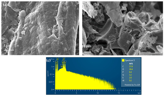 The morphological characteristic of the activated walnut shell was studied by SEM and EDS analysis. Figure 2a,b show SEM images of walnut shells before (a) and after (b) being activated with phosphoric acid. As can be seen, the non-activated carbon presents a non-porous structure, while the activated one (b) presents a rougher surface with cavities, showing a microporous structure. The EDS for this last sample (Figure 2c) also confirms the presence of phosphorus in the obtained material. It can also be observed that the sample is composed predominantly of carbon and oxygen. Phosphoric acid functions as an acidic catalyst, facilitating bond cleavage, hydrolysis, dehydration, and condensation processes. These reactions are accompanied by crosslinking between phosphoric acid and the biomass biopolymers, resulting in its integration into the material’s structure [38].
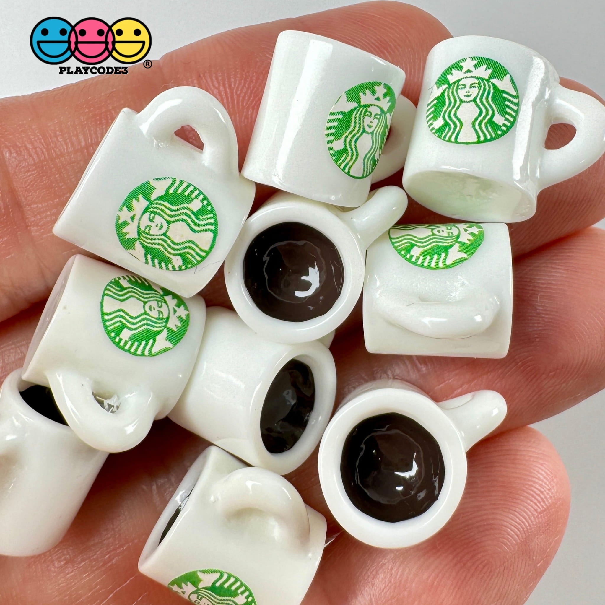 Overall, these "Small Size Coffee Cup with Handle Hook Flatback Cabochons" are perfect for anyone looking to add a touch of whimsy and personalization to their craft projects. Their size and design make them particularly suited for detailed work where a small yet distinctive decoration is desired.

* * *

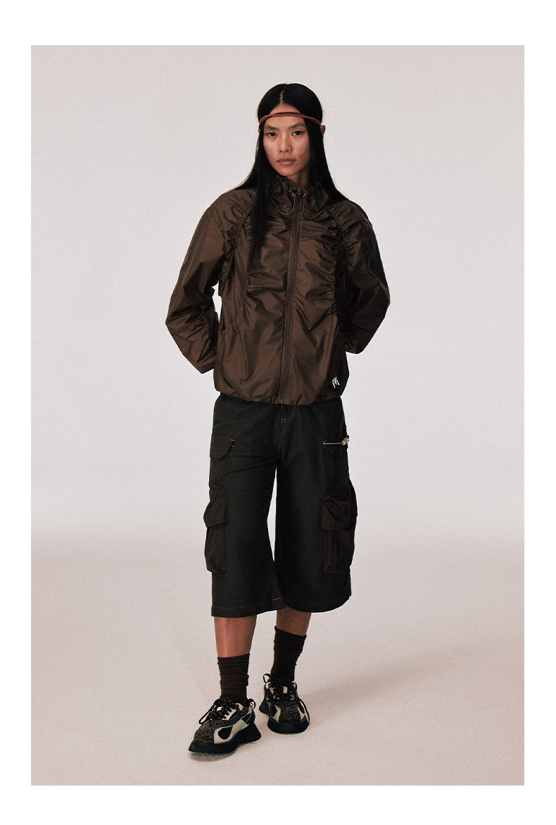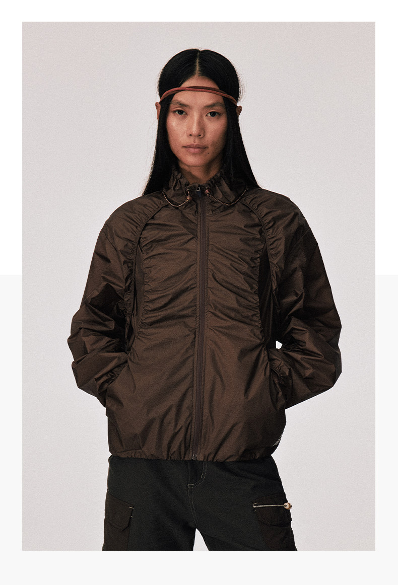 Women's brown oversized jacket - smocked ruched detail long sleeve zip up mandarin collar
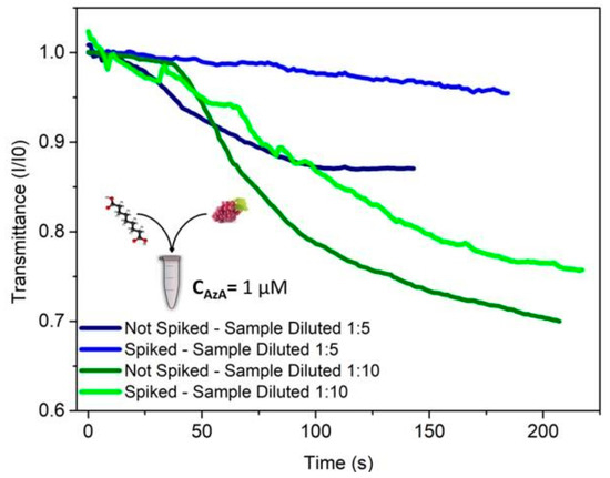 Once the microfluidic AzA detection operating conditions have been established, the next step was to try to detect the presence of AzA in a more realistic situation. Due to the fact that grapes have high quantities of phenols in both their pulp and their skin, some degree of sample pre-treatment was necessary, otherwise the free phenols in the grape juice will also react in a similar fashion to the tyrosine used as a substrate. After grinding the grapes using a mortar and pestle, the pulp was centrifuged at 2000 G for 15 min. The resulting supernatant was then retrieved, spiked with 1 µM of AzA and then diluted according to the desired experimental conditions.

==

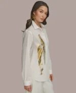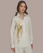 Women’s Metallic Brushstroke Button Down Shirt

> **WHAT YOU ARE ASKED TO DO**: Using the data above, retype exactly and only the lines from the one containing "Women's brown oversized" up to and including the one containing "Once the microfluidic", with no pictures carried over.

> **ANSWER SPACE**:
 Women's brown oversized jacket - smocked ruched detail long sleeve zip up mandarin collar
 Once the microfluidic AzA detection operating conditions have been established, the next step was to try to detect the presence of AzA in a more realistic situation. Due to the fact that grapes have high quantities of phenols in both their pulp and their skin, some degree of sample pre-treatment was necessary, otherwise the free phenols in the grape juice will also react in a similar fashion to the tyrosine used as a substrate. After grinding the grapes using a mortar and pestle, the pulp was centrifuged at 2000 G for 15 min. The resulting supernatant was then retrieved, spiked with 1 µM of AzA and then diluted according to the desired experimental conditions.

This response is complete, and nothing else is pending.